Try free for yourself.

Get started working with time series data in MongoDB Atlas.

FAQ

What is time series data?

Time series data are measurements taken at time intervals from one or more sources. When analyzed, the individual data pieces form a meaningful insight over a period of time. Examples are weather measurement data and stock trading data.

Is MongoDB a time series database?

MongoDB is a general purpose document database that has native support for time series data. MongoDB's time series collections are optimized and purpose-built for ingesting, storing, and querying time series data. Therefore, users can use a single unified Query API utilizing MongoDB as a time series database alongside other database use cases.
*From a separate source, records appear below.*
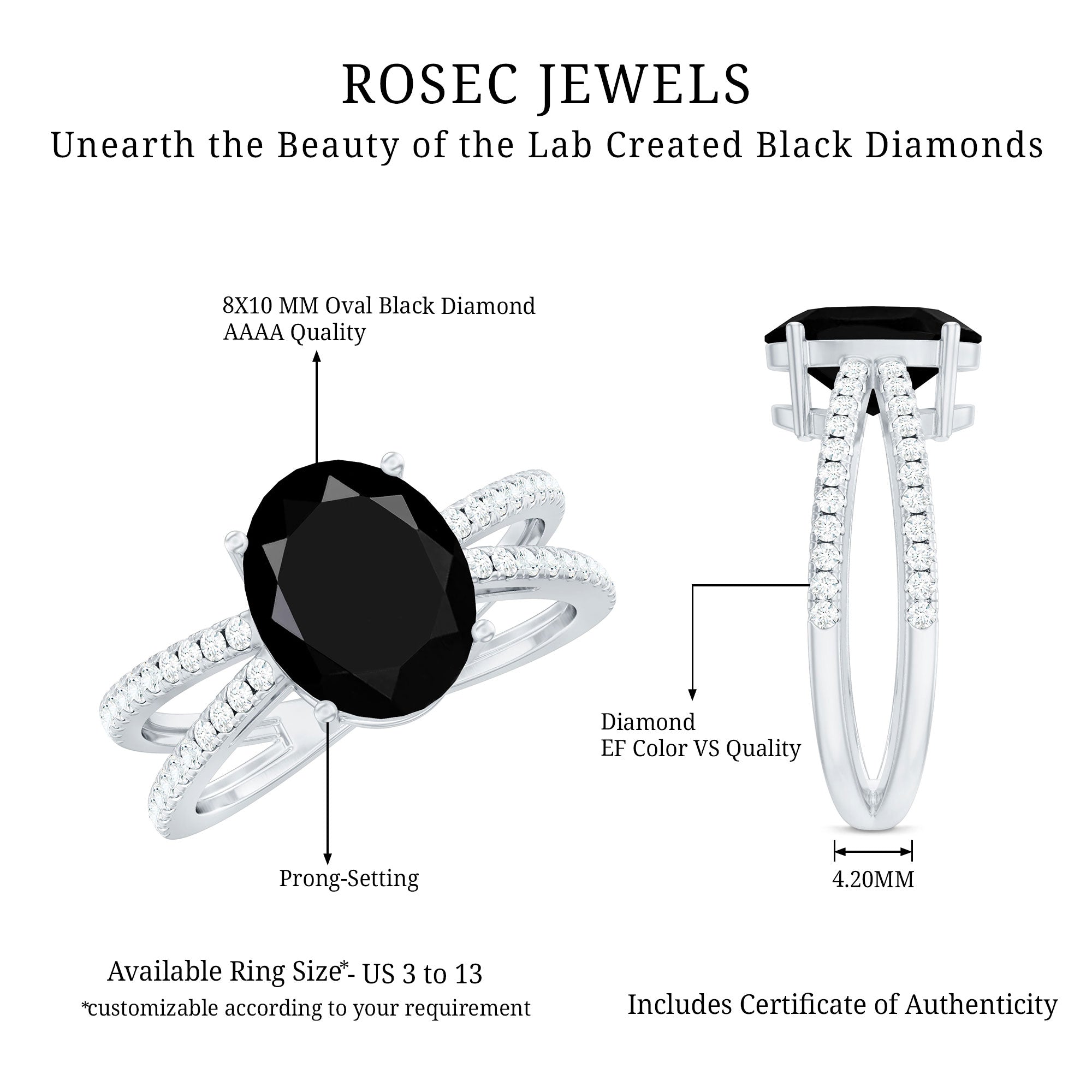 Adorn her finger with the timeless elegance of this lab-grown Black Diamond Engagement Ring. Meticulously curated, this Solitaire Engagement Ring showcases an 8x10 mm Oval-Shaped Black Diamond, symbolizing sophistication and uniqueness. The split shank adds a modern touch, while delicate White Lab-Grown Diamond gemstones amplify its allure. Handcrafted properly, this Black and White Diamond Ring is a meaningful accessory as it can also serve as an affordable April Birthstone Ring. It comes with a certificate of authenticity, ensuring its superior quality. If you are looking for a Criss Cross Ring thats timeless and speaks volumes about your love, this is the one.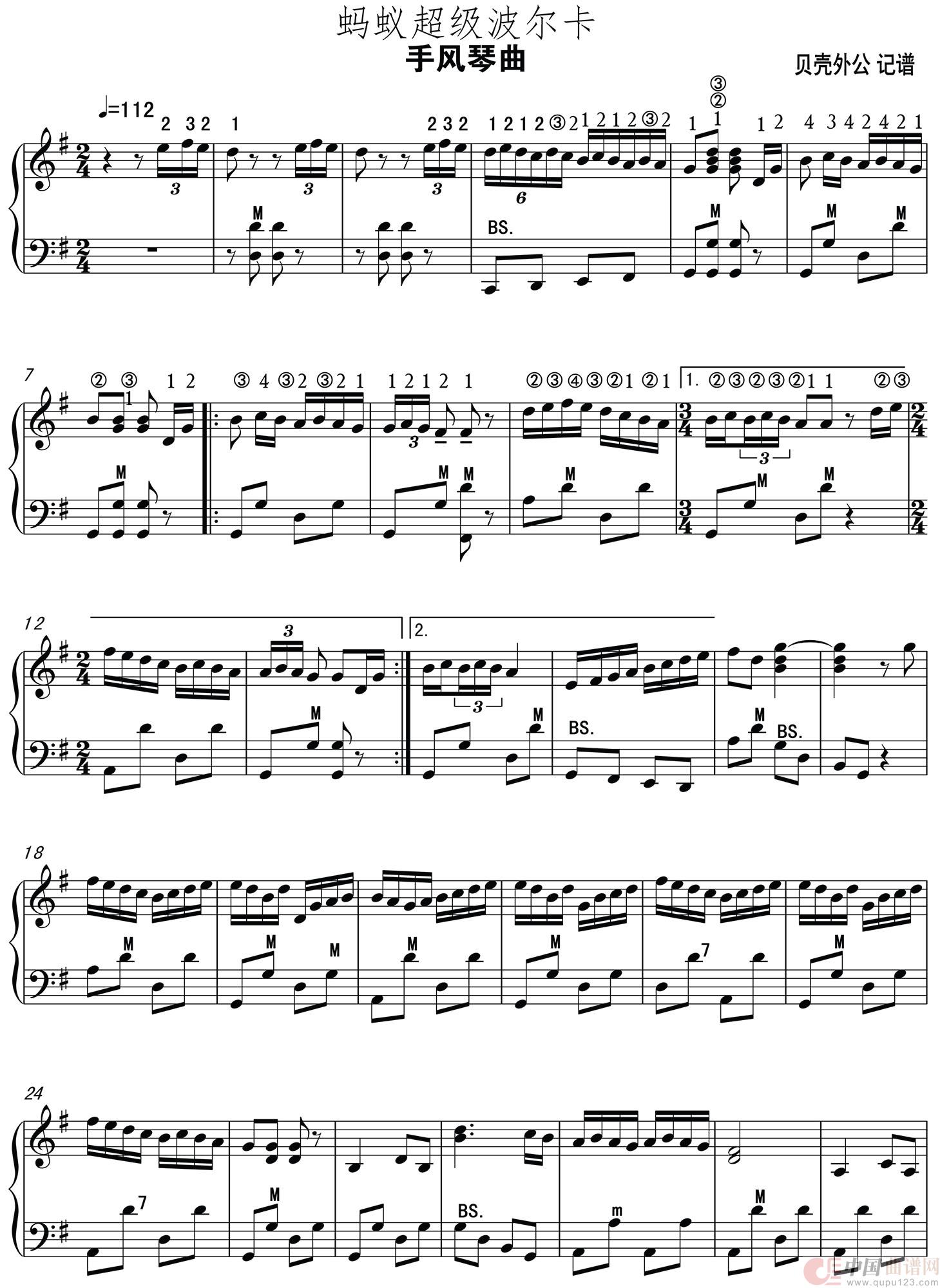 手风琴曲蚂蚁超级波尔卡 - 五线谱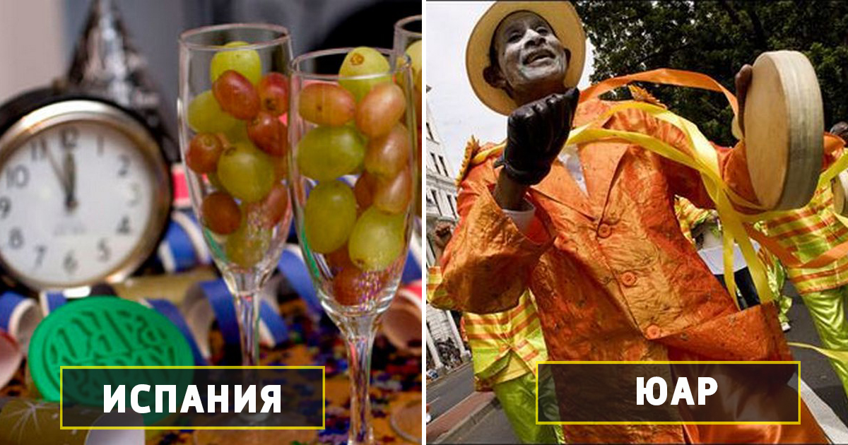 Пока часы бьют двенадцать раз, испанцы должны успеть съесть двенадцать «счастливых виноградин». Чаще всего новогодний виноград выращен в долине Виналопо, на средиземноморском побережье Испании. Бледно-зеленые сладкие ягоды позднего сорта Аледо помещают в герметичные пакеты или баночки. Некоторые едоки тренируются в течение года. Этой традиции больше ста лет, но ее происхождение спорно. Часто поедание винограда связывают с обильным урожаем 1909 года в Аликанте, когда фермеры нашли забавный способ продать излишки. Некоторые исследователи, ссылаясь на старые газетные статьи, утверждают, что обычай распространился среди мадридской буржуазии несколько ранее, в 1880-х годах. Если это так, то столичные жители копировали французскую знать, которая запивала виноград шампанским.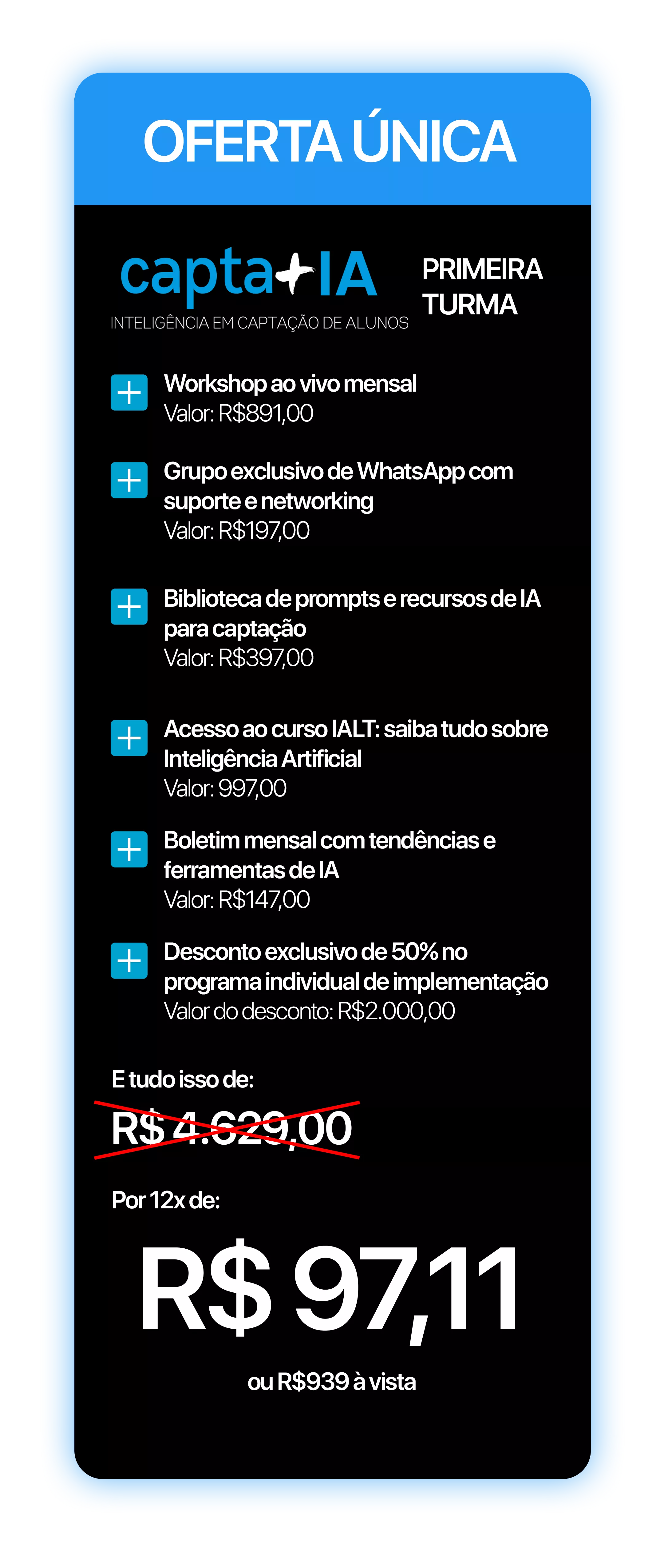 Você tem 7 dias pra explorar tudo, aplicar as estratégias e ver se faz sentido pra sua realidade. Enquanto isso, outros gestores já estão ganhando tempo e matrículas com IA. Vai deixar passar?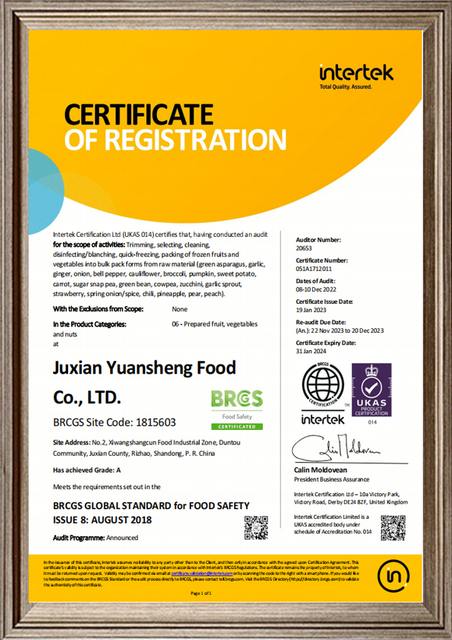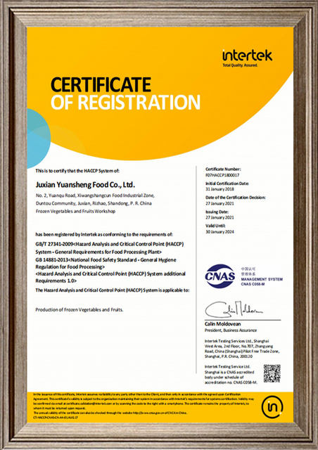 Juxian Yuansheng Food Co., Ltd. основанное в 2016 году частное акционерное предприятие по экспорту замороженных овощей.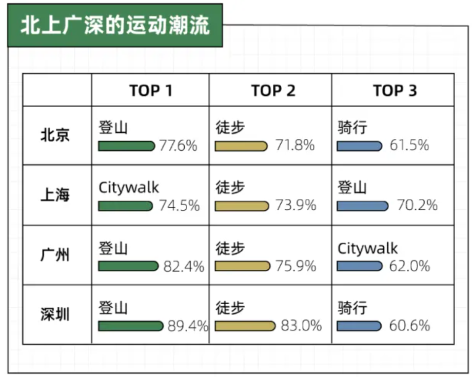 今年的爬山爆火之猛让很多景区紧急限流,在北上广深四大城市的调查中,潮流运动第一名有三个都是“登山”: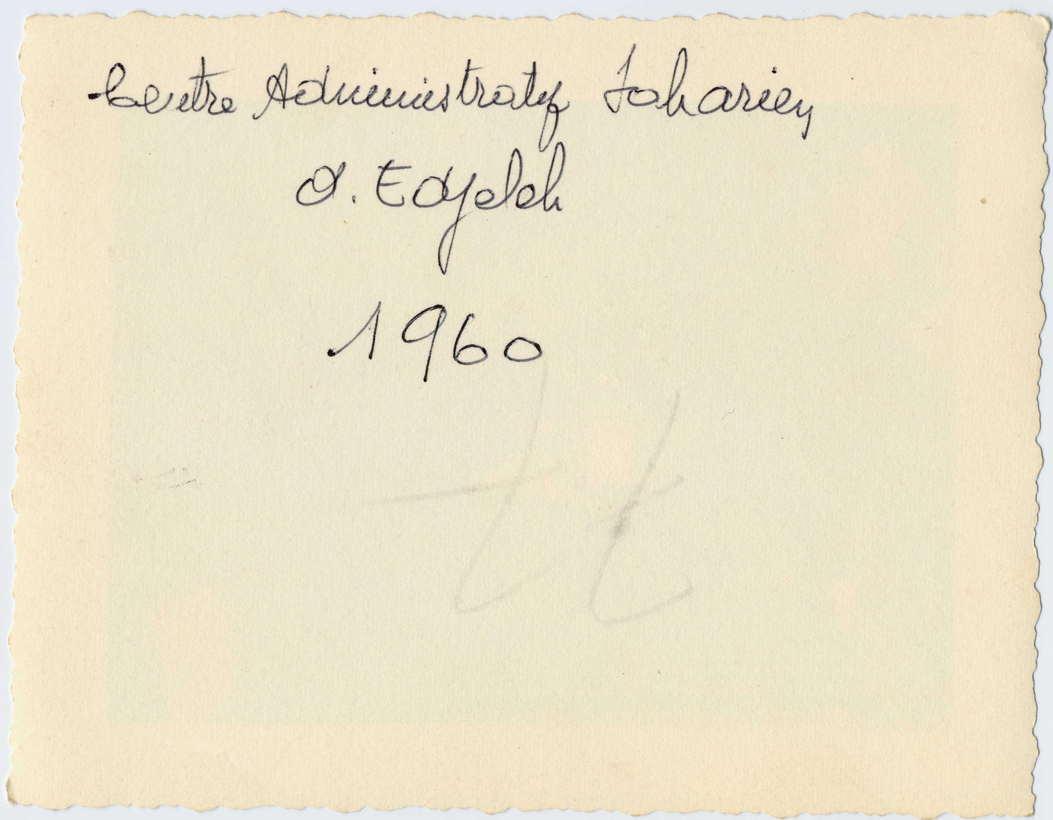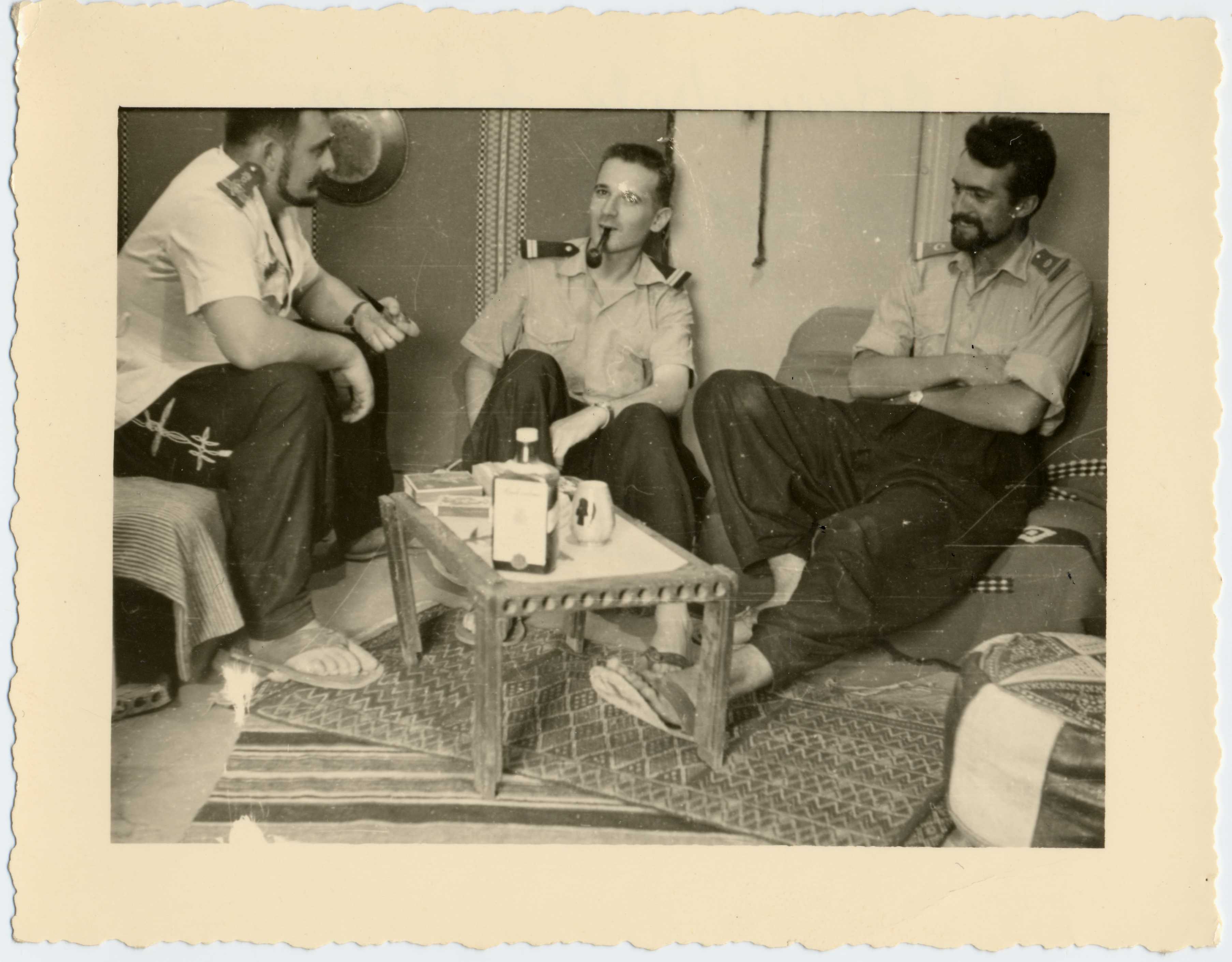 Trois soldats prennent l'apéritif autour d'une table au centre administratif d'Edjeleh en 1960

How do I store and update time series data in MongoDB?

MongoDB 5.0 has an optimized time series collection type which is designed to efficiently store and consume time series data. Prior to version 5.0, MongoDB had a suggested data model for time series data. You can read more here.

Are time series collections available only in Atlas?

MongoDB time series collections are available in all 5.0+ versions of MongoDB including Community, Enterprise Advanced, and Atlas.

How do you use time series data?

There are multiple ways to use time series data. For example, you can consume time series data to perform calculations using aggregation pipelines and plot graphs on the application side, via MongoDB Charts. This makes MongoDB and MongoDB Atlas a compelling store for large volumes of time series data.